* _Input records_:
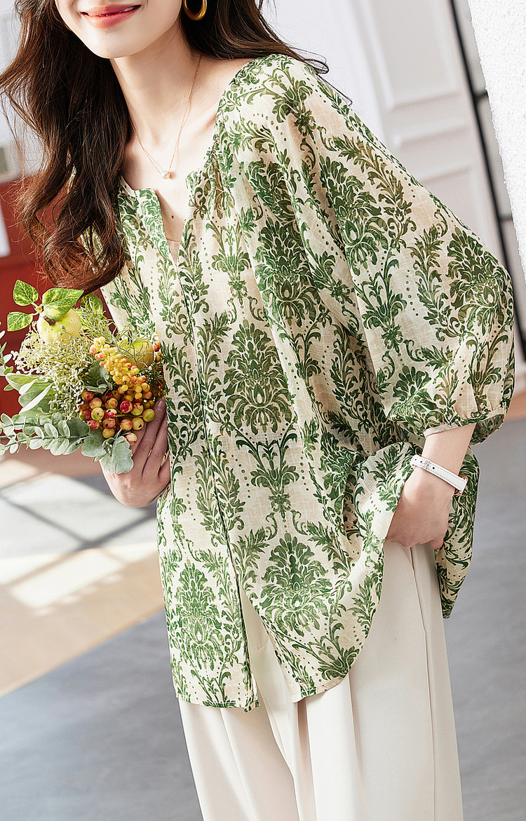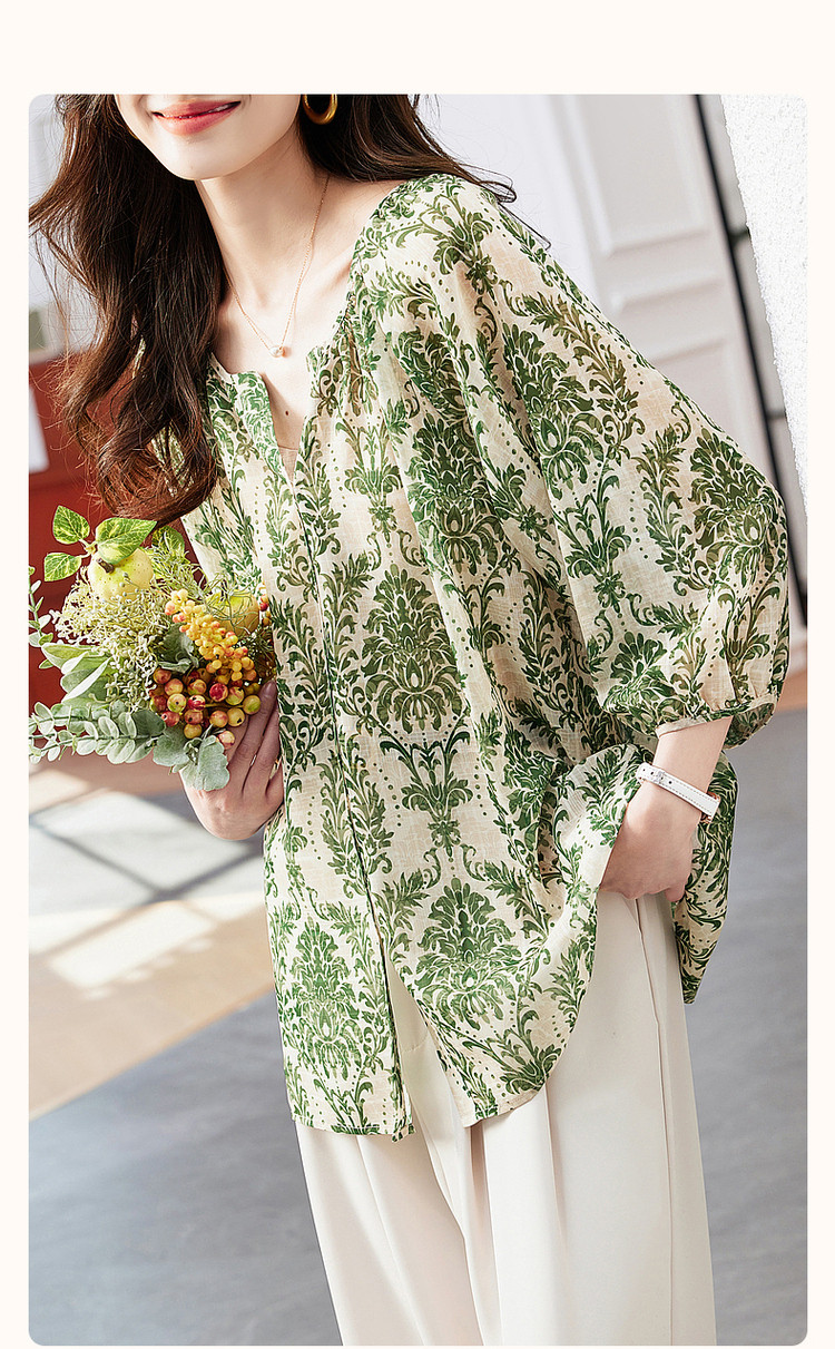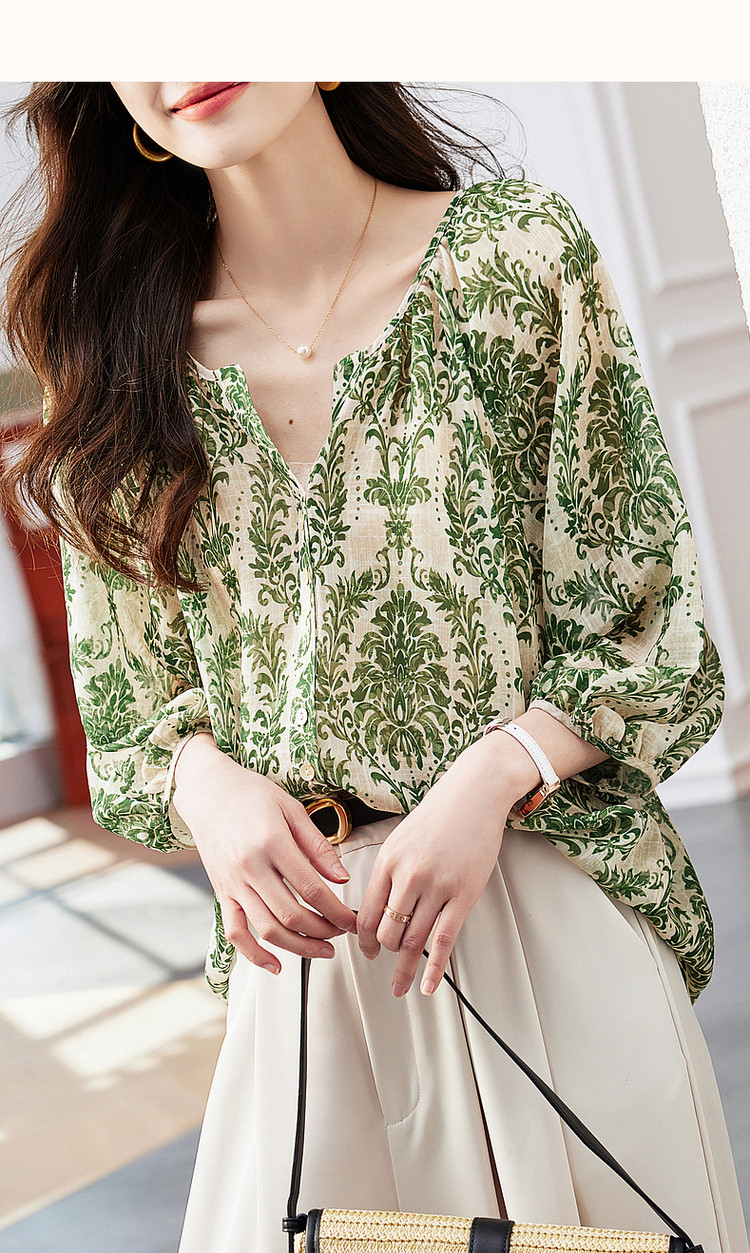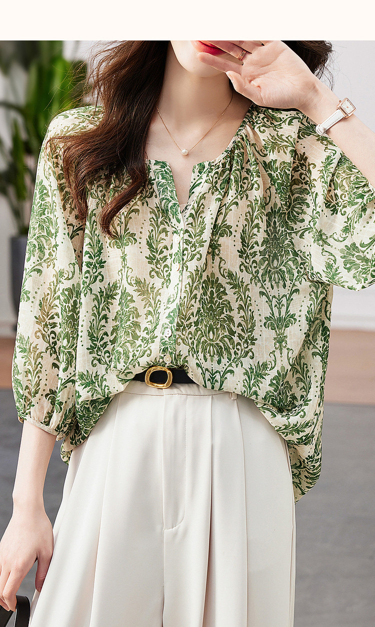 商品名称:【通勤抽褶印花衬衫】夏V领短袖雪纺衬衣女装上衣 989441
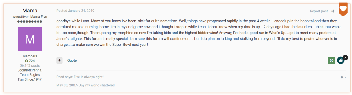 April 30, 20205 yr I created an account for @Mama (wegotfive) Put her photo too. VA is going to copy her profile details I archived. Her goodbye post and her real photo. Her name was Helen. She enjoyed the community here, the distractions through losing her husband suddenly and going through cancer. Photo was in a McNabb jersey at one of the EMB tailgates. She's forever lurking!
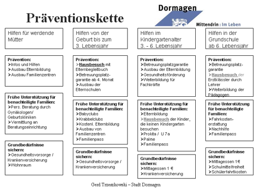 In Modellprojekten sind inzwischen Formen eines übergreifenden Handelns im Sinne des Setting-Ansatzes verwirklicht, besonders bekannt dabei ist das sog. „Dormagener Modell“ (Sandvoss & Kramer 2010). Hier wurden in der rheinischen Kleinstadt Frauen- und Kinderärztinnen und -ärzte, Hebammen, Mitarbeitende von Gesundheits- und Jugendämtern, Kitas und Schulen zu einem gemeinsamen systematischen Vorgehen motiviert, strukturell eingebunden und abgesichert durch eine sog. "Präventionskette" (siehe Abbildung). Ähnliche Aktivitäten werden auch aus anderen Kommunen berichtet, so "MoKi" aus Monheim (Berg 2010), "Adebar" aus Hamburg (Hartmann 2010) oder "Schutzengel" aus Flensburg (Syring 2006).
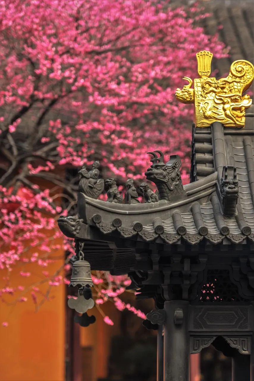飞扬的檐角下,铜铃轻声作响,树下那一串串悬挂着的祈福牌,被风温柔抚动,载满了人们的期寄。
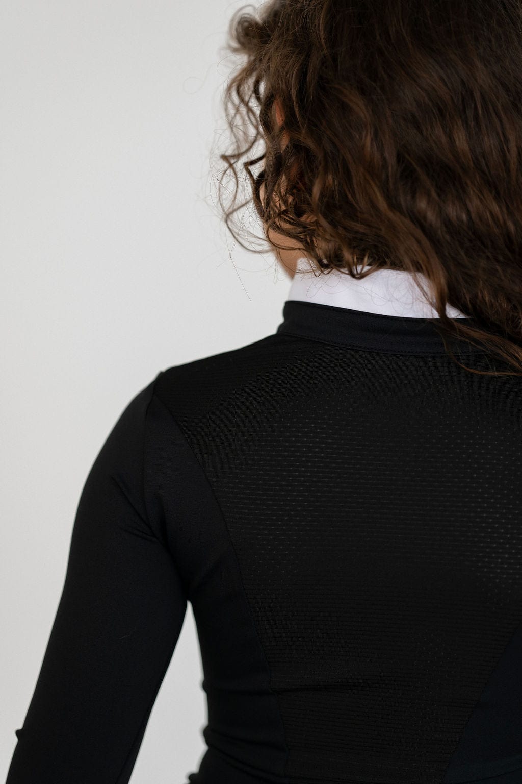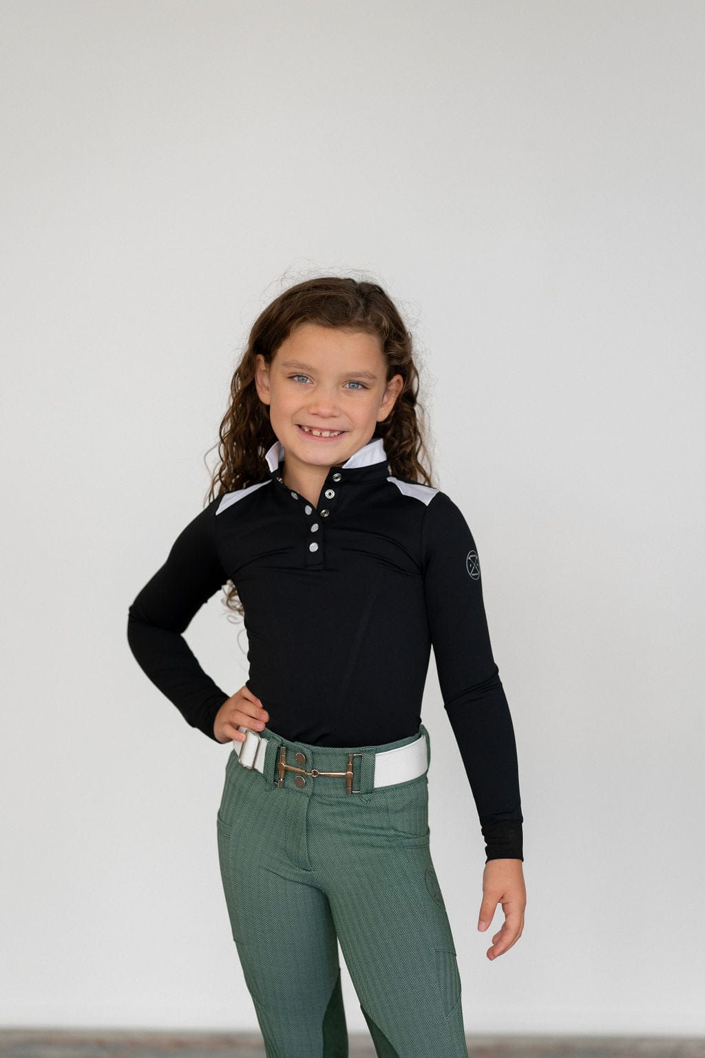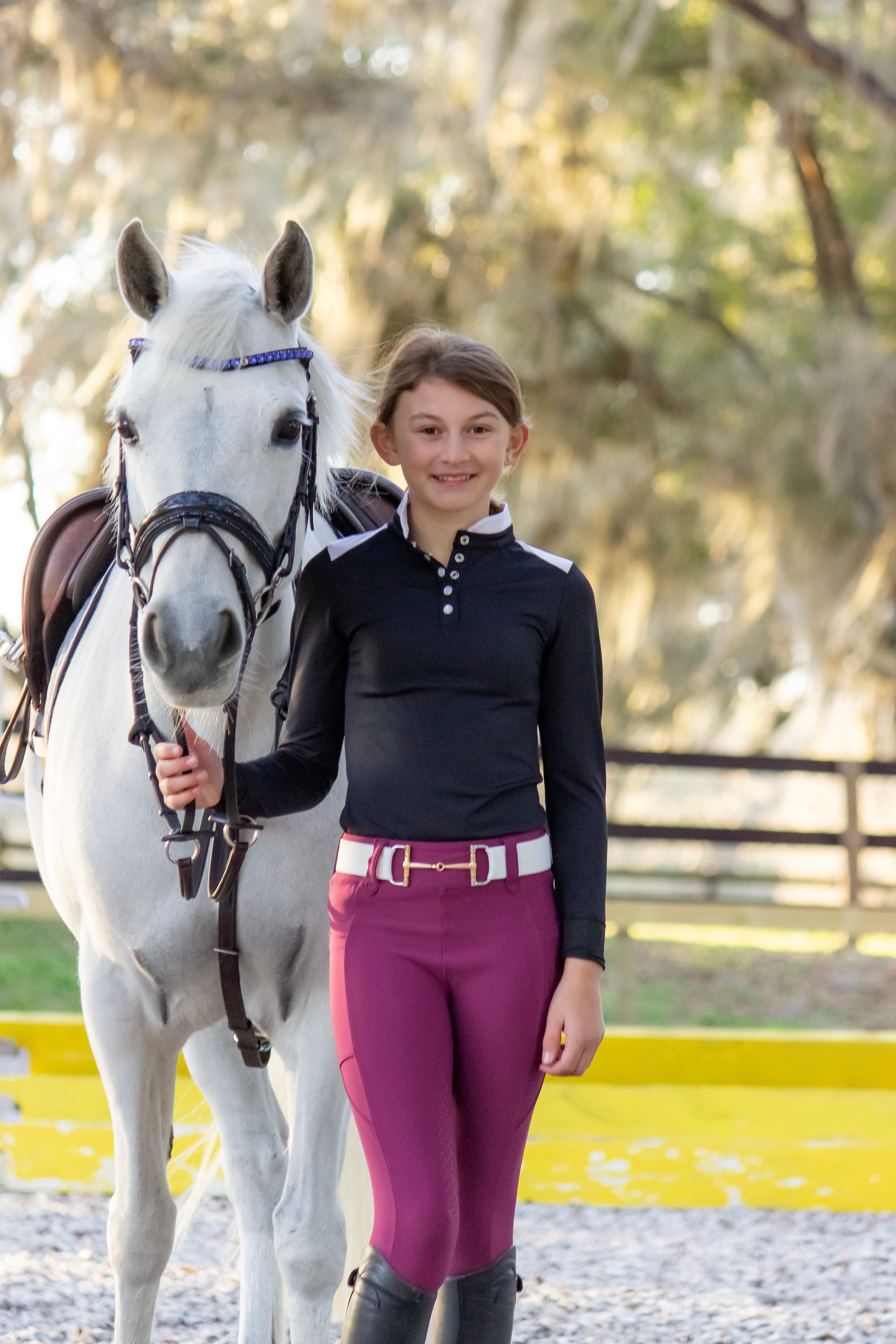 This feminine, eye catching show shirt is created for comfort and designed to perform. With its beveled collar, pearl snaps and princess cut shoulders. Jersey mesh cuffs and back deep V panel. She’s sleek, chic and ready for the show ring!

* _About this exercise_: Skip every picture. Repeat word for word the lines from the line holding "飞扬的檐角下,铜铃轻声作响,树下那一串串" through the end of the entries above.

* _Exercise solution_:
飞扬的檐角下,铜铃轻声作响,树下那一串串悬挂着的祈福牌,被风温柔抚动,载满了人们的期寄。
 This feminine, eye catching show shirt is created for comfort and designed to perform. With its beveled collar, pearl snaps and princess cut shoulders. Jersey mesh cuffs and back deep V panel. She’s sleek, chic and ready for the show ring!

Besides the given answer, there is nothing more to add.